A peculiar feature of the country around Kunsan is the abundance of the human debris strewed about the fields and hills. The people instead of burying their dead frequently put them down on the ground and cover them up with a heap of straw about three feet high. With the rains and winds it does not take long for the straw to rot and be blown away, and the bones are laid bare. This I have never noticed in any other part of Korea except once in one of the southern cities of Chulla-do where some years ago a fight took place between the Tong-Haks and soldiers, and all the dead were left unburied for the dogs and ravens.

We left Kunsan at six o’clock next morning and arrived at Mokpo the evening of the same day. The entrance to the harbor of Mokpo is only about four hundred yards wide, and the tidal water rushes in and out with a speed or nine knots an hour, so small steamers are often turned back by the current. Inside the entrance opens a large bay with three inlets: north towards the magistracy of Moo-An, south into the rich valleys of Hai-Nam, and east by Mokpo. The harbor is very large and exceptionally deep, averaging ten fathoms and even within a hundred yards of the shore the water is as much as nine fathoms deep. Although I was in Mokpo twice before the port was opened I could now hardly recognize the place. The transformation was as in one of the Arabian tales. Two years ago Mokpo consisted of a few Korean huts anchored to a large bare rock rising abruptly from the water and surrounded by large stretches of rice-fields and mud-flats. Now all the huts have disappeared. Instead of the mud-flats there are nicely laid out streets with new Japanese stores all along them; the shore by the rock is reclaimed, and there is room enough for building customs store-houses and for loading and unloading boats.

Mokpo is situated at the mouth of the Kok river, which, famous in Korea for its peculiarly winding shape, is called the River of Ninety-Nine Turns. Three hundred Ii up the river lie five large cities: Na-Joo, Quang-Joo, Nung-Joo, Nem-Pion, and Wha-Sung, all of them some ten miles apart. Of these cities Na-Joo is the former capital and Quang-Joo the present capital of South Chulla-do This is the most fertile, and most thickly populated part of Korea. Every few miles one comes across large villages and towns; rice fields stretch for many miles and yield two crops a year—barley or wheat and rice. Hills are infrequent and not high and roads good. Rice, barley-beans, bamboo, as well as all the different articles made of it, native cotton and grass cloth, wood-varnish, dining-tables, writing desks, paper, and fans are sent out from there all over Korea.

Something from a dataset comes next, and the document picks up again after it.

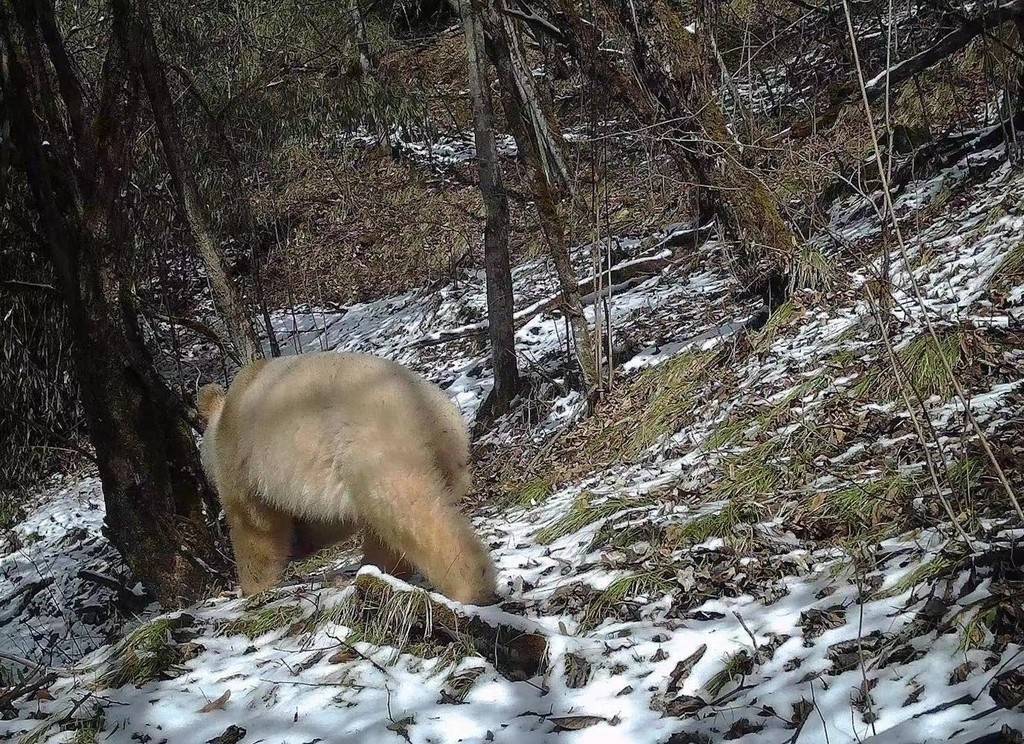 据四川卧龙白色大熊猫保护研究项目执行人谭迎春介绍,从红外相机拍摄到的影像判断,这只白色大熊猫从2019年5月到2020年2月期间长大了不少,体格壮实。相较于小时候的通体白色,它在成年后四肢的毛发还显出淡淡的金色。2020年两次记录中这只白色大熊猫都是单独活动,由此推算,它目前已3岁左右,已离开妈妈,“自立门户”了。
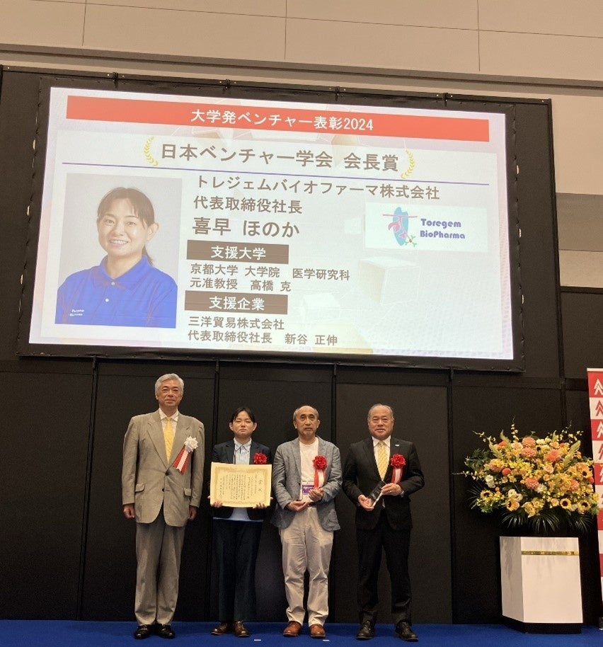 三洋貿易株式会社(本社:東京都千代田区、代表取締役社長:新谷正伸、以下「三洋貿易」)の出資先であるトレジェムバイオファーマ株式会社(本社:京都市上京区、代表取締役:喜早ほのか、以下「トレジェムバイオファーマ」)が、国立研究開発法人科学技術振興機構(JST)と国立研究開発法人新エネルギー・産業技術総合開発機構(NEDO)の主催する"大学発ベンチャー表彰 ~Award for Academic Startups~"において、日本ベンチャー学会会長賞を受賞しました。同時に、三洋貿易も特にその成長に寄与した支援企業として表彰を受けました。

Since the port was opened the exports and imports have been increasing daily, and as Armore, the acting commissioner of customs, figuratively expressed himself, when the railroad connecting Mokpo with Seoul is built, it will not be long before Mokpo becomes the Shanghai of Korea. The port is growing very rapidly, and— we quote Mr. Armor again —when one does not go out for few days, he can easily notice the difference. There is in Mokpo a bank, an insurance company, a Japanese postoffice, Korean post and telegraph office, and a rice-mill. The steamers of the Soshien Kaisha have been regularly visiting there and from this spring the steamers of the Nippon Yusen Kaisha will also be calling there. As yet the foreign community consists only of Mr. Armore, a Roman Catholic missionary, Mr. and Mrs Bell and Dr. Owen.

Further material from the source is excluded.